Families of retrotransposons containing individuals with an internal domain able to code for the requisite proteins can be said to be autonomous. Individual copies may be, to varying degrees, transcriptionally or translationally competent (translation leading to a functional protein) or active. Active elements may complement the life cycle blocks of inactive or incompetent members of the same family in cis and of other families or groups in trans. To the extent that the complementation reduces the ability of the active element to propagate, the inactive element is parasitic on the active one. This is conceptually similar to negative interfering viruses and their parasitism on otherwise virulent viruses (Hu et al., 1997). One can envisage a translationally incompetent element that is particularly successful at propagation emerging as a new subfamily and ultimately family of non-autonomous elements.

Recent findings have identified large, structurally uniform retrotransposon groups in which no member contains the Gag, Pol or Env internal domains. These groups are non-autonomous, yet individual elements may be active or inactive transcriptionally. Examples of non-autonomous groups are LARD, TRIM and Morgane. LARDs contain long LTRs and a long, conserved internal domain that shows no protein coding capacity. TRIMs are highly reduced, with short LTRs and internal domains that contain only the signals for reverse transcription. Morgane elements are intermediate between being autonomous and fully non-autonomous, and possess non-functional and small remnants of the Pol ORF. No trans-activating (trans-parasitic) element has been demonstrated yet for any of these groups.

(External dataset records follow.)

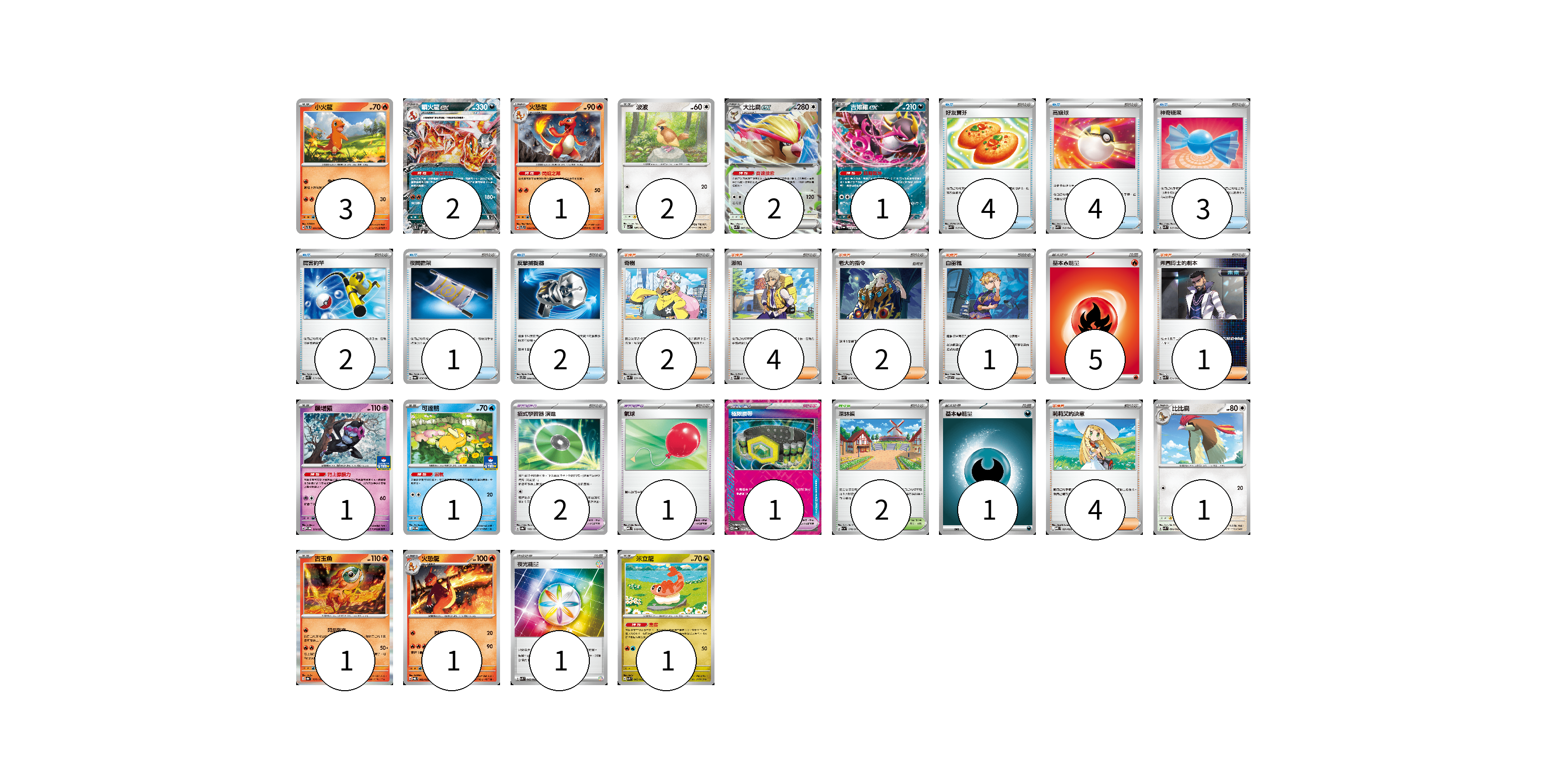 牌組構築方案 以此牌組為基礎新構築牌組 顯示卡面 顯示列表 寶可夢卡(17) 3 2 1 2 2 1 1 1 1 1 1 1 寶可夢道具(4) 2 1 1 物品卡(16) 4 4 3 2 1 2 支援者卡(14) 2 4 2 1 1 4 競技場卡(2) 2 能量卡(7) 5 1 1 寶可夢卡(17) 卡牌名稱 張數 卡牌名稱 張數 小火龍 SVTL 001/021 03 噴火龍ex SVTL 006/021 02 火恐龍 SVTL 002/021 01 波波 SV3 087/108 02 大比鳥ex SVK 005/042 02 吉雉雞ex SV6a 038/064 01 願增猿 M-P 014/M-P 01 可達鴨 SV-P 220/SV-P 01 比比鳥 SVK 004/042 01 古玉魚 SV8a 025/187 01 火恐龍 SVQL 002/022 01 米立龍 SVK 002/042 01 寶可夢道具(4) 卡牌名稱 張數 卡牌名稱 張數 招式學習器 演進 SV8a 160/187 02 氣球 MBD 018/022 01 極限腰帶 SV8a 159/187 01 物品卡(16) 卡牌名稱 張數 卡牌名稱 張數 好友寶芬 SVK 015/042 04 高級球 SVK 018/042 04 神奇糖果 SVK 019/042 03 厲害釣竿 SVK 011/042 02 夜間擔架 SV6a 056/064 01 反擊捕捉器 SVTS 009/022 02 支援者卡(14) 卡牌名稱 張數 卡牌名稱 張數 奇樹 SVK 031/042 02 派帕 SVK 035/042 04 老大的指令 SVK 036/042 02 白蕾雅 SV7 100/102 01 弗圖博士的劇本 SVK 034/042 01 莉莉艾的決意 MBD 021/022 04 競技場卡(2) 卡牌名稱 張數 卡牌名稱 張數 深缽鎮 SV1a 070/073 02 能量卡(7) 卡牌名稱 張數 卡牌名稱 張數 基本火能量 sv-p FIR 05 基本【惡】能量 MBG DAR 01 夜光能量 SVK 042/042 01 以此牌組為基礎新構築牌組 牌組編碼 QwsAzY-dFtiJk-shjDEu copy 列印牌組單 牌組編碼已複製 分享至SNS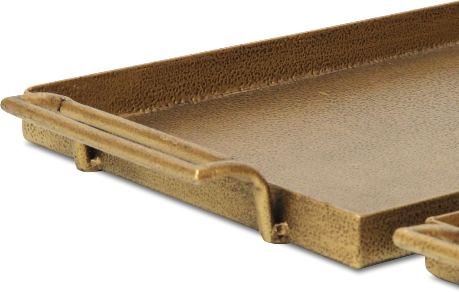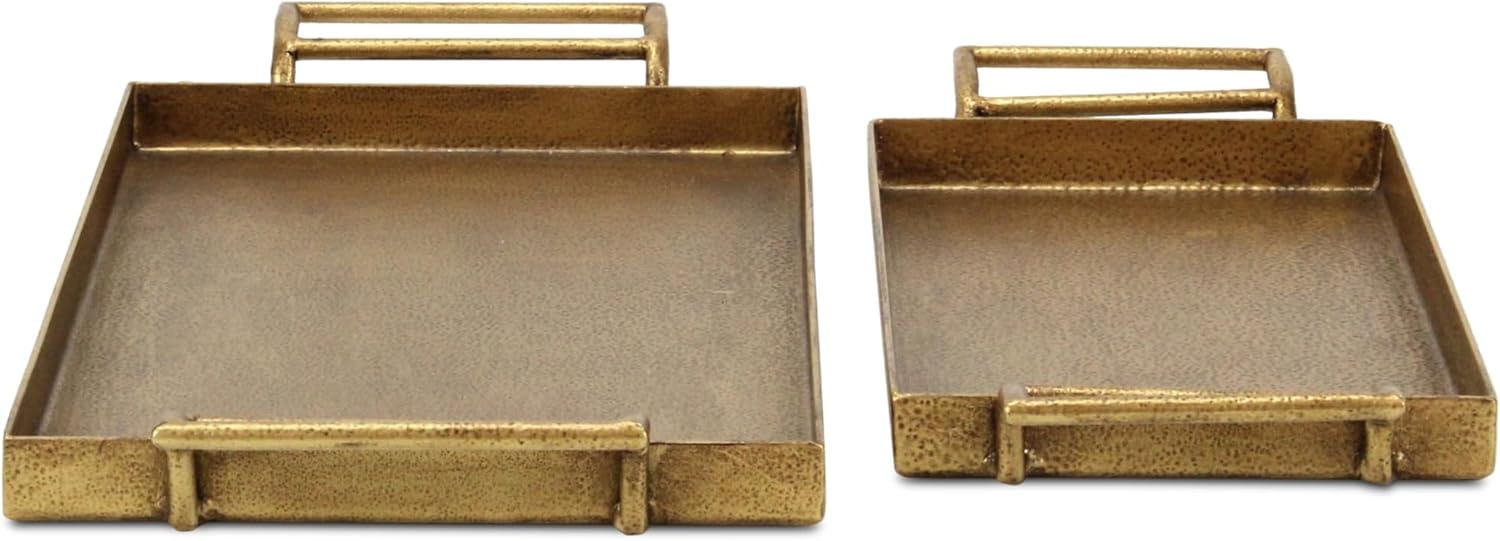 Elevate your table setting with our Khilvo Set of 2 Cast Iron Trays. Crafted by hand, these trays feature a charming dotted pattern and rustic gold finish, adding a touch of elegance to any occasion. With raised rims and side handles, they're versatile for serving appetizers, desserts, or as decorative accents in your home.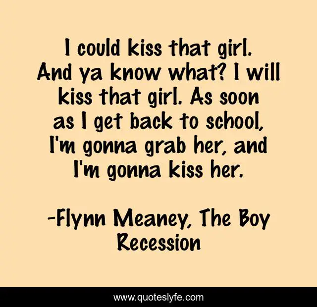 "Flynn Meaney, The Boy Recession Quotes." Quoteslyfe.com, 2025. Sun. 07 Dec. 2025. <https://www.quoteslyfe.com/quote/I-could-kiss-that-girl-And-ya-204086>.
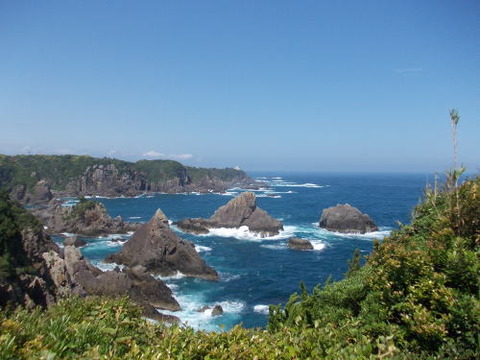 海岸から奇石群が一列に並ぶ場所として有名。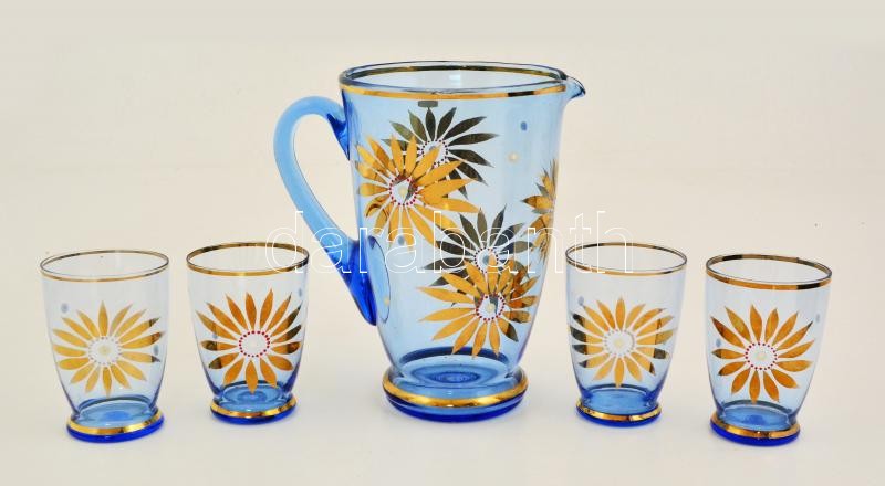 Leírás: Virágmintás üveg vizes kancsó, 4 db pohárral, kis kopásnyomokkal, m: 10 és 20 cm

Expression and translation of the LTR retrotransposons

Most of the plant LTR retrotransposons that have been investigated produce larger pools of transcripts in response to stress, biotic as well as abiotic. Examples of stresses shown to increase expression of various transcriptionally active LTR retrotransposons include chilling, infection, mechanical damage, in vitro regeneration, hybridization and generation of doubled haploids (Hirochika, 1995; Wendel and Wessler, 2000; Grandbastien et al., 2005). Consistent with the view that this represents transcriptional activation, numerous endogenous stress promoters share strong sequence similarities with LTRs (White et al., 1994; Dunn et al., 2006). Moreover, some transcripts of retrotransposon origin can be detected also under normal, non-stressed conditions, especially in active tissues such as embryos, root tips and buds. This has been seen for abundant elements such as BARE-1 (barley retroelement 1, Manninen and Schulman, 1993) or Sukkula (Kalendar et al., 2004). The selective advantages (for the retrotransposon or for the cell or plant) of stress induction remain unclear. The retrotransposon may benefit by exploiting a conserved and necessary, but sporadic, cellular response because it may be difficult for the plant to simultaneously silence transcription of the retrotransposon and maintain the response. For the plant, recruitment of solo LTRs containing stress response elements to roles as cellular promoters may provide a ready coordinating system for coping with stress. In any case, it is interesting that retroviruses such as HIV are stress induced as well (Nakamura et al., 2002).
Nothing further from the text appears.